Studio album by Anything Box
- Released: 1990
- Recorded: 1989–1990
- Genre: Synth-pop
- Length: 53:58
- Label: Epic
- Producer: Jon St. James

Anything Box chronology
|  | Peace (1990) | Worth (1992) |

= Peace (Anything Box album) =

Peace is the debut album by the American band Anything Box, released in 1990 on Epic Records.

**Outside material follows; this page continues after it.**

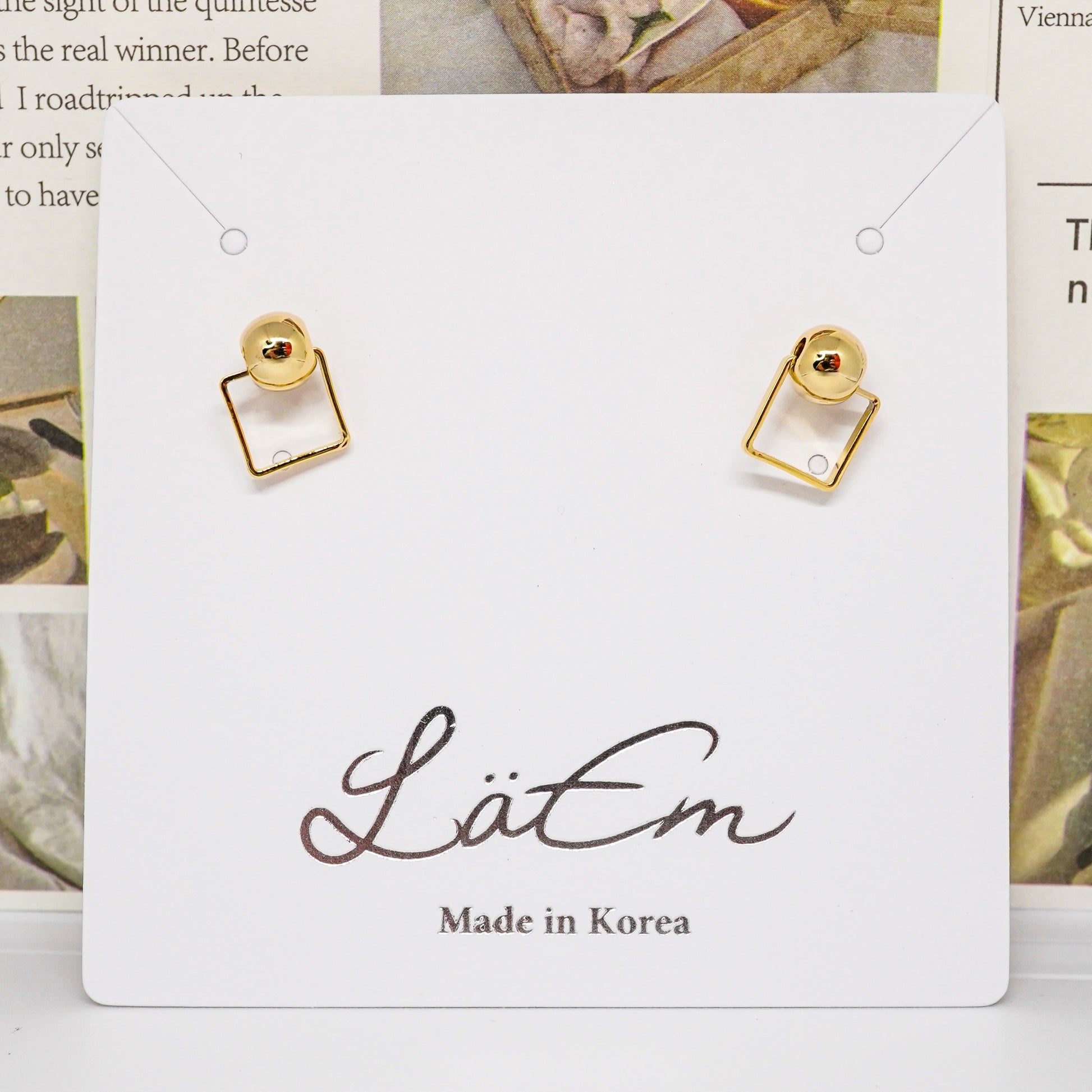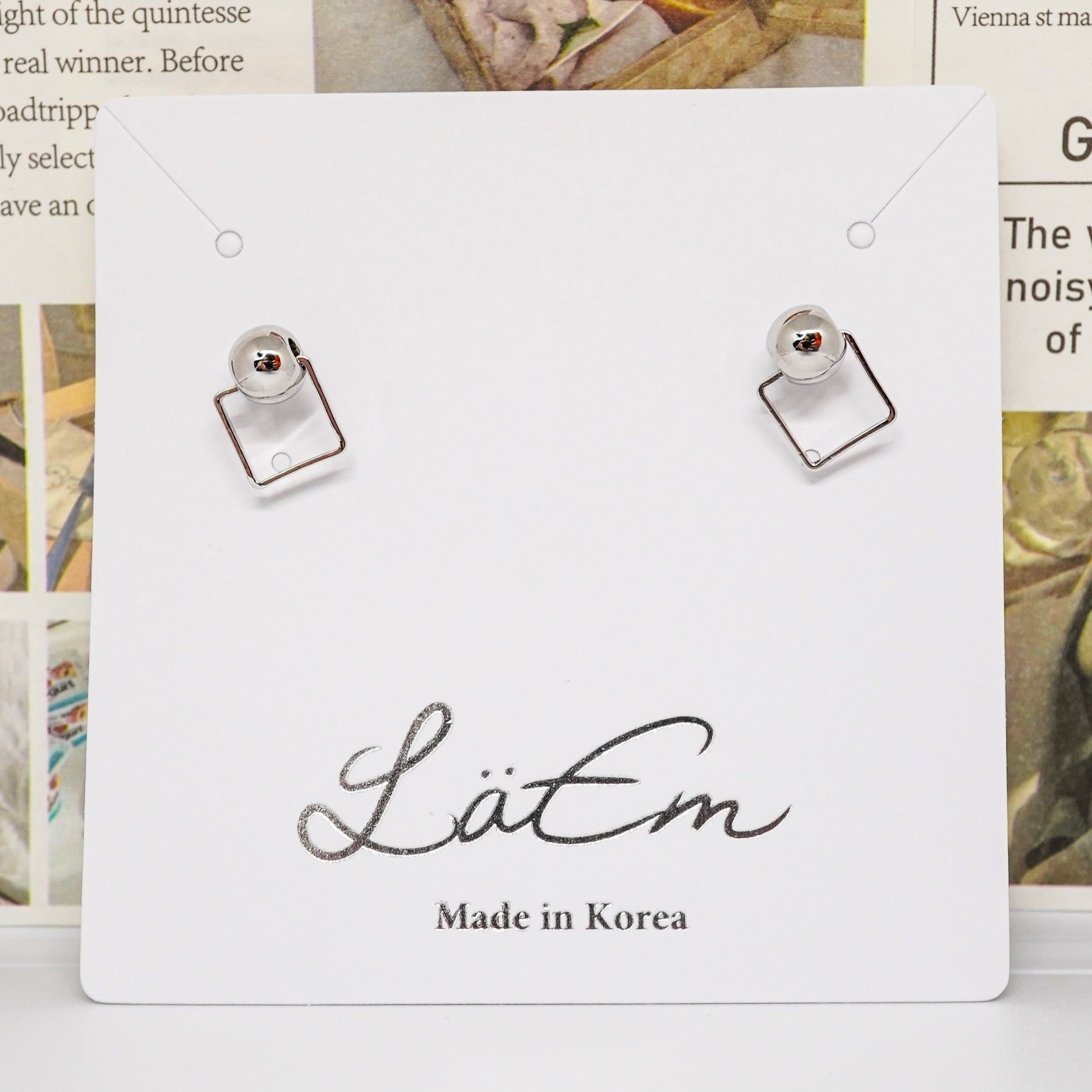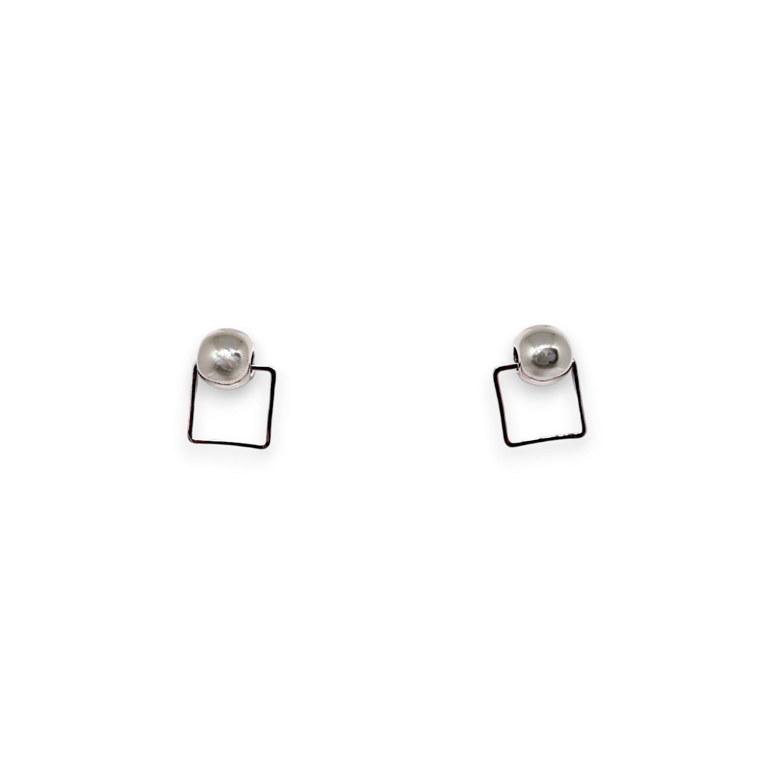Details: Feature a modern, minimalist design that combines geometric shapes with polished silver. Each earring is composed of a smooth, reflective silver or gold sphere positioned above a delicate square frame. The square frame features a clean, angular design that contrasts with the round sphere, creating a balanced yet striking look.

It was remastered and rereleased on endpop in 2018. The album includes "Living in Oblivion", the band's biggest hit, which found success in both the clubs and on radio.

==Production==
The album was produced by Jon St. James.

==Critical reception==

The Los Angeles Times determined that "songs are put together like Lego houses, out of discreet bits of linked melodic material... But the process becomes formulaic after a while: mechanical beats overlaid with soft keyboard gauze and a puff of vocal melody."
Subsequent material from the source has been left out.